Une ligne dite de « gauche du PS » subsiste, mal à l’aise dans ce parti social-démocrate, avec un socle important, mais mal exploité : divisés (Hamon et Emmanuelli ne souhaitent pas de motion avec Mélanchon), ils hésitent entre affirmation et tractation avec Fabius ou Aubry par exemple. Ils portent peu de réponses nouvelles, mais soulèvent des questions intéressantes.

– Enfin, le groupe de ceux qui ne veulent pas, idéologiquement, de Ségolène, ni de la gauche du parti, mais qui ne se reconnaissent pas non plus dans l’alliance autour de Delanoë, soit car ils ont un meilleur candidat, soit par nuance d’idées, soit par refus de la présidentialisation du parti.
Ce groupe, initiallement plutôt « contre », a trouvé une cohérence autour du travail et de la réflexion de Pierre Moscovici d’une part, soutenu par SD et RM, et par la perspective plus large qu’incarne Martine Aubry.

A ceux-là s’agrègent Les grands élus (qui incarnent une dimension territoriale et décentralisatrice à la fois intéressante et à risque) de la Ligne claire, et le pôle écologique, qui viennent d’apporter leur soutien à Perre Moscovici.

Localement, Rénover Maintenant a des bases fortes, et sur Toulouse SD est bien implanté. Avec le regard critique sur la direction actuelle de la fédé, (on peut le lire dans les résultats de la consultation sur les sénatoriales par exemple) cela peut potentiellement être une motion majoritaire.

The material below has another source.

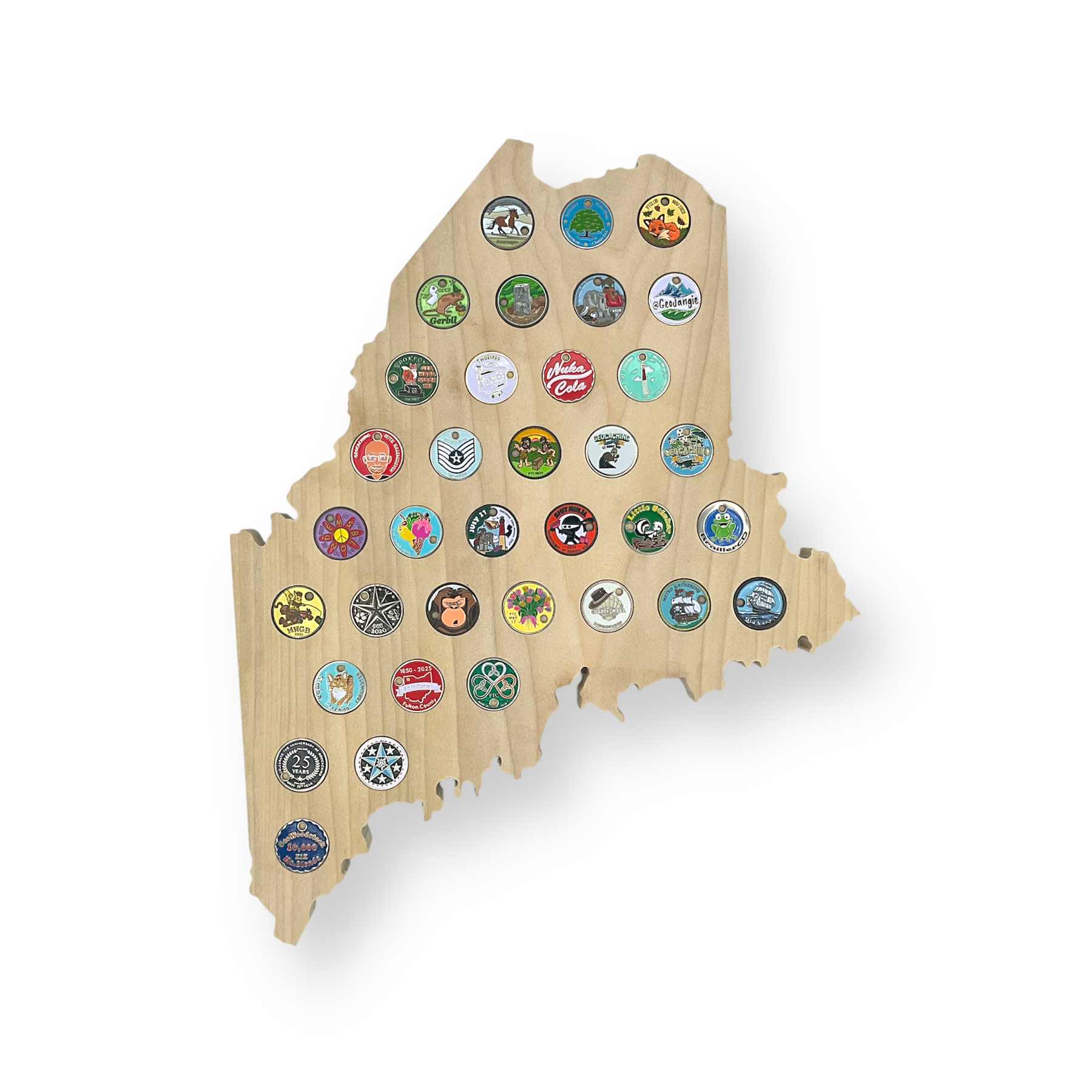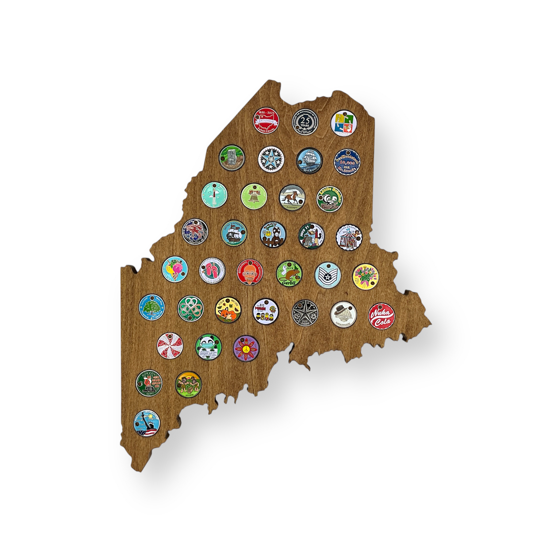 Your favorite pathtags will be on display for all to see with this solid poplar Maine state outline wall art!

Il serait dommage que Pierre Moscovici et Martine Aubry n’arrivent pas à s’entendre, mais plus encore que la solution trouvée soit incohérente.

Sans doute sur le fond, (quelle gauche pour demain, dans quelle Europe et quel monde), les uns et les autres ont évolués et on peut construire ensemble. Mais les questions stratégiques posées ne sont pas anodines : présidentialisation du parti, place des fabiusiens, cohérence idéologique (je ne vois pas ce que viendrait faire Hamon dans une motion commune par exemple).

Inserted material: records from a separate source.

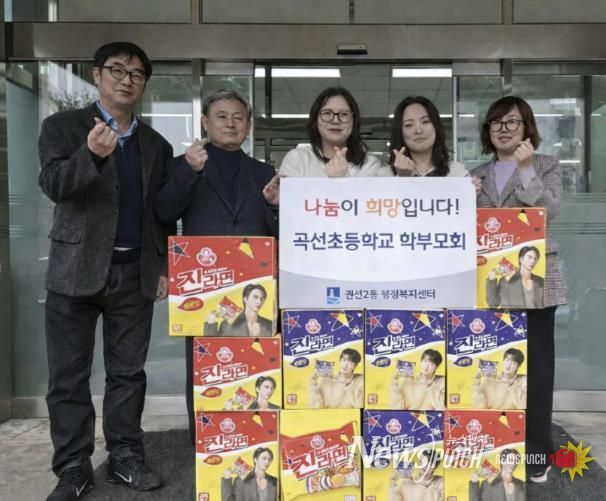 뉴스펀치 김길룡 기자 | 권선2동 소재 곡선초등학교 학부모회는 권선2동행정복지센터에 “사랑의 라면”을 기탁했다.
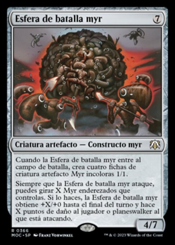 | Rules | When Myr Battlesphere enters the battlefield, create four 1/1 colorless Myr artifact creature tokens. Whenever Myr Battlesphere attacks, you may tap X untapped Myr you control. If you do, Myr Battlesphere gets +X/+0 until end of turn and deals X damage to the player or planeswalker it's attacking. |
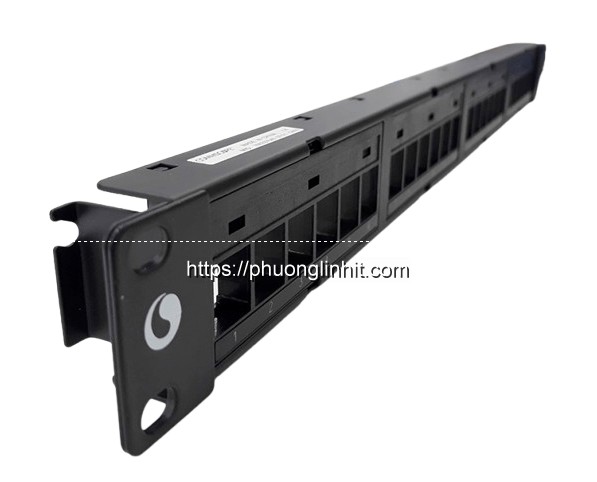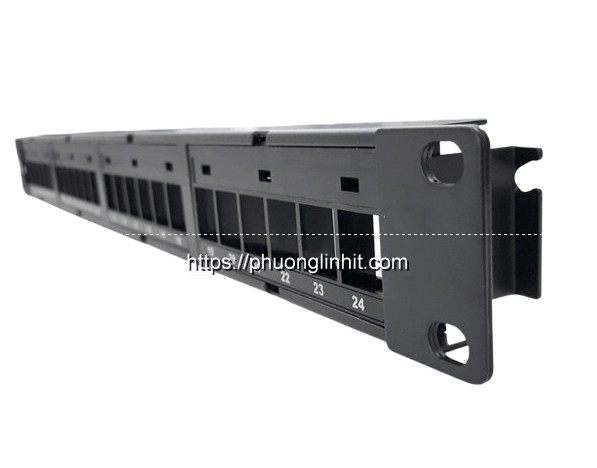 Ở hai đầu của thanh Patch Panel được gắn sẵn tai bắt rack, sử dụng khi lắp vào trong tủ rack. Thiết bị này được thiết kế với 24 khe cắm nhân mạng và được đánh số rõ nét để tiện cho việc lắp đặt cũng như quản lý.
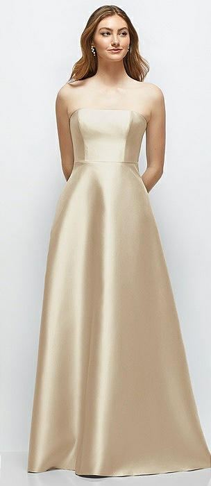 Strapless Bias Cuff Bodice Satin Gown with Pockets in champagne
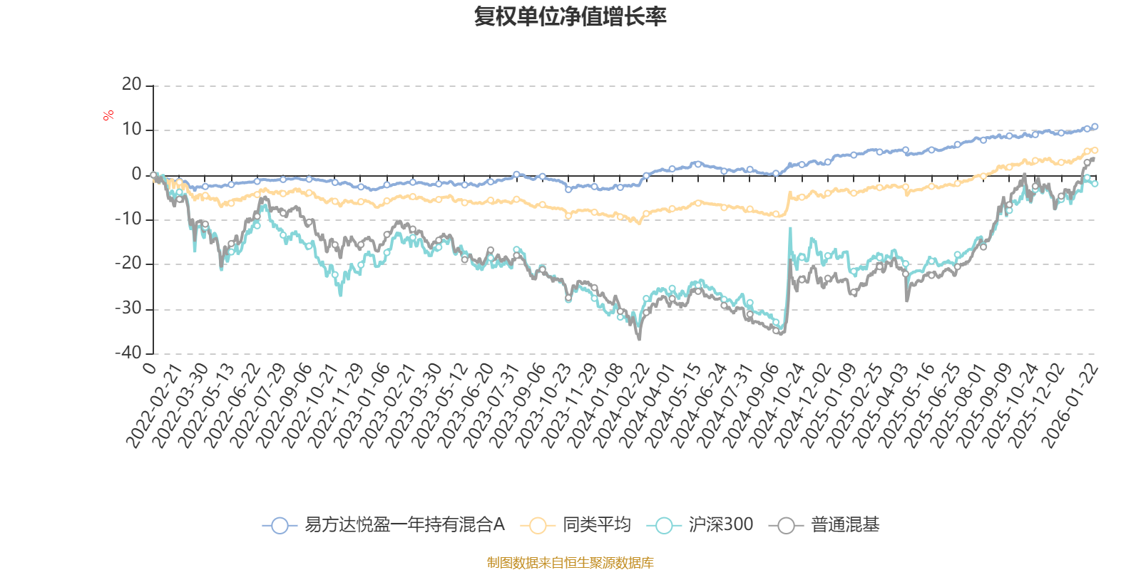 截至1月22日,易方达悦盈一年持有混合A近三个月复权单位净值增长率为1.87%,位于同类可比基金355/629;近半年复权单位净值增长率为2.29%,位于同类可比基金489/629;近一年复权单位净值增长率为5.84%,位于同类可比基金429/626;近三年复权单位净值增长率为13.08%,位于同类可比基金237/564。

Il serait également dommageable que le courant ne sache pas se réunir, prendre des décisions collectives et les respecter, et qu’au niveau national on ne tienne pas compte des efforts déjà fournis au niveau local.

Il y a des discussons nouvelles, des réflexions de fond intéressantes. Nous sommes à un tournant du parti et de la gauche européenne, et donc on peut sortir des schémas du passé. J’ai donc beaucoup d’espoir en ce bouillonnement, notamment autour de Mosco-Montebourg-Aubry. Fabius pourquoi pas, de manière marginale, si sa nouvelle doctrine est compatible.

Moscovici prend de l’ampleur, il pourrait être un bon premier secrétaire, qui ne préparerait pas les présidentielle pour lui. Alors, sans doute Aubry fairait-elle un plus gros score (mais est-ce le seul objectif d’une motion ?), mais si c’est au prix d’une nouvelle synthèse fourre-tout…

Mais pour l’instant j’avoue ne pas trop comprendre… Nous avons un peu perdu prise sur les évènements, comme si cela se passait maintenant là-haut, dans un combat aérien… Bien sûr nous reprendrons la main au moment du vote, mais d’ici là…

J’écrirai à nouveau dessus lorsque j’y verrai un peu plus clair.